Assignment:
Reproduce every entry exactly and leave its pictures out.

Stored items:
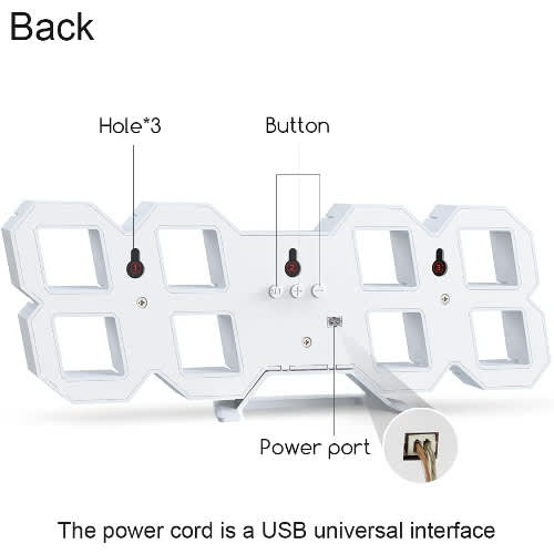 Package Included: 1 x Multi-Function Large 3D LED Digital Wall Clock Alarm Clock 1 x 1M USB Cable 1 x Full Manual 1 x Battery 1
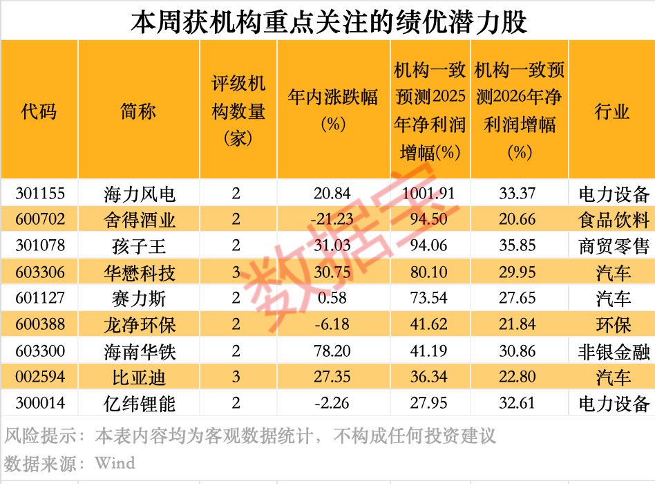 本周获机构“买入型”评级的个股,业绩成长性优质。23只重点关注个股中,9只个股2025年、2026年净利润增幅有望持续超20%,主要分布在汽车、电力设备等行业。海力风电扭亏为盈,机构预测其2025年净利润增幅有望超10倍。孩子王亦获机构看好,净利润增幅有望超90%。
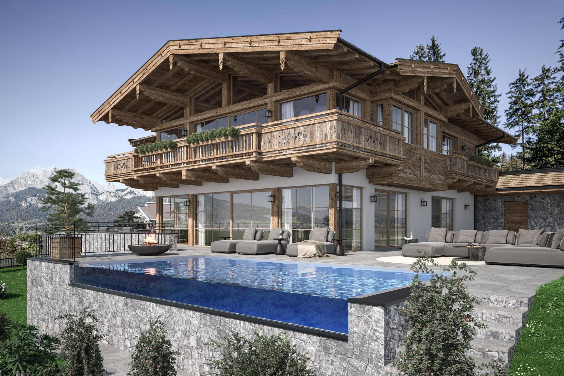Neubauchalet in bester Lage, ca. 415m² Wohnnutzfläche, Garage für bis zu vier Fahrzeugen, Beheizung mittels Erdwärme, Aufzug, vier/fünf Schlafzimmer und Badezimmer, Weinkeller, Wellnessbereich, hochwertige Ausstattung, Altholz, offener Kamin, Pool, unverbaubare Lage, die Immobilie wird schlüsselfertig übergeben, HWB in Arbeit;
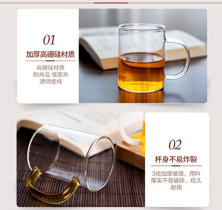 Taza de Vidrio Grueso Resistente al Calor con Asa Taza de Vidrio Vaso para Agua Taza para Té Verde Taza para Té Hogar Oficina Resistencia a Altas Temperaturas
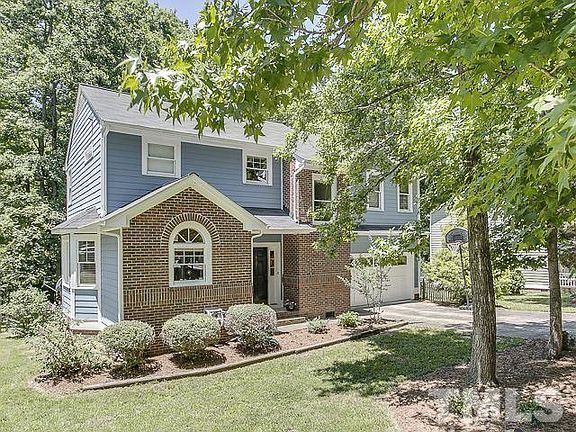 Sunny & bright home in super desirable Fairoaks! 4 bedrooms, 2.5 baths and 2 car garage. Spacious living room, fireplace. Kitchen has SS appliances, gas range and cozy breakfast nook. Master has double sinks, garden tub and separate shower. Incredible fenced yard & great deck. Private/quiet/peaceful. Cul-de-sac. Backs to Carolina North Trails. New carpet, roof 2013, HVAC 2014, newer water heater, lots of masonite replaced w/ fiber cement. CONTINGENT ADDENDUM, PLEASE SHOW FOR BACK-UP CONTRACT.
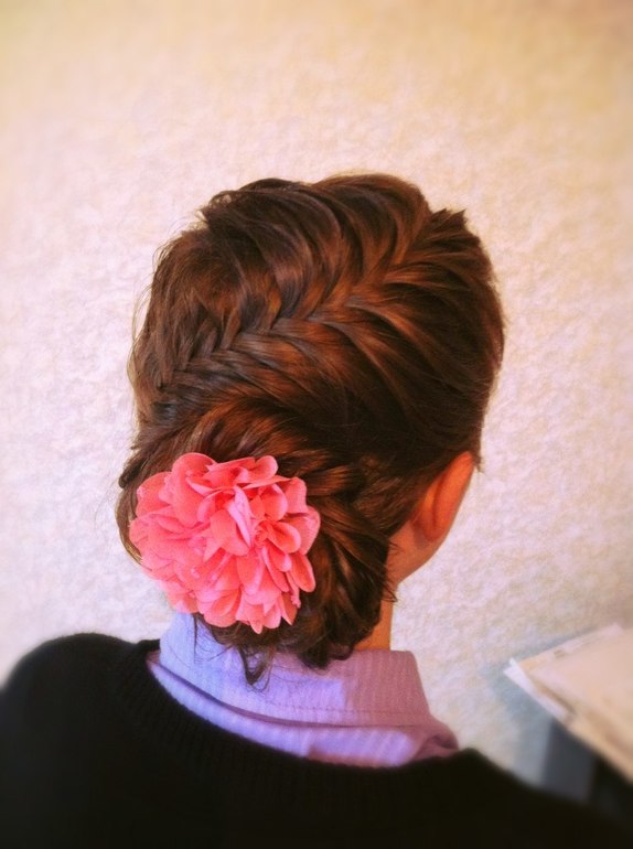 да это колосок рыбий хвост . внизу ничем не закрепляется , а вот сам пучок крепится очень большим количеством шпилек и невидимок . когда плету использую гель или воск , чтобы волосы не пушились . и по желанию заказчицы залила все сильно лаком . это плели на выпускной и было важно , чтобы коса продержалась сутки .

Result of the exercise:
 Package Included: 1 x Multi-Function Large 3D LED Digital Wall Clock Alarm Clock 1 x 1M USB Cable 1 x Full Manual 1 x Battery 1
 本周获机构“买入型”评级的个股,业绩成长性优质。23只重点关注个股中,9只个股2025年、2026年净利润增幅有望持续超20%,主要分布在汽车、电力设备等行业。海力风电扭亏为盈,机构预测其2025年净利润增幅有望超10倍。孩子王亦获机构看好,净利润增幅有望超90%。
Neubauchalet in bester Lage, ca. 415m² Wohnnutzfläche, Garage für bis zu vier Fahrzeugen, Beheizung mittels Erdwärme, Aufzug, vier/fünf Schlafzimmer und Badezimmer, Weinkeller, Wellnessbereich, hochwertige Ausstattung, Altholz, offener Kamin, Pool, unverbaubare Lage, die Immobilie wird schlüsselfertig übergeben, HWB in Arbeit;
 Taza de Vidrio Grueso Resistente al Calor con Asa Taza de Vidrio Vaso para Agua Taza para Té Verde Taza para Té Hogar Oficina Resistencia a Altas Temperaturas
 Sunny & bright home in super desirable Fairoaks! 4 bedrooms, 2.5 baths and 2 car garage. Spacious living room, fireplace. Kitchen has SS appliances, gas range and cozy breakfast nook. Master has double sinks, garden tub and separate shower. Incredible fenced yard & great deck. Private/quiet/peaceful. Cul-de-sac. Backs to Carolina North Trails. New carpet, roof 2013, HVAC 2014, newer water heater, lots of masonite replaced w/ fiber cement. CONTINGENT ADDENDUM, PLEASE SHOW FOR BACK-UP CONTRACT.
 да это колосок рыбий хвост . внизу ничем не закрепляется , а вот сам пучок крепится очень большим количеством шпилек и невидимок . когда плету использую гель или воск , чтобы волосы не пушились . и по желанию заказчицы залила все сильно лаком . это плели на выпускной и было важно , чтобы коса продержалась сутки .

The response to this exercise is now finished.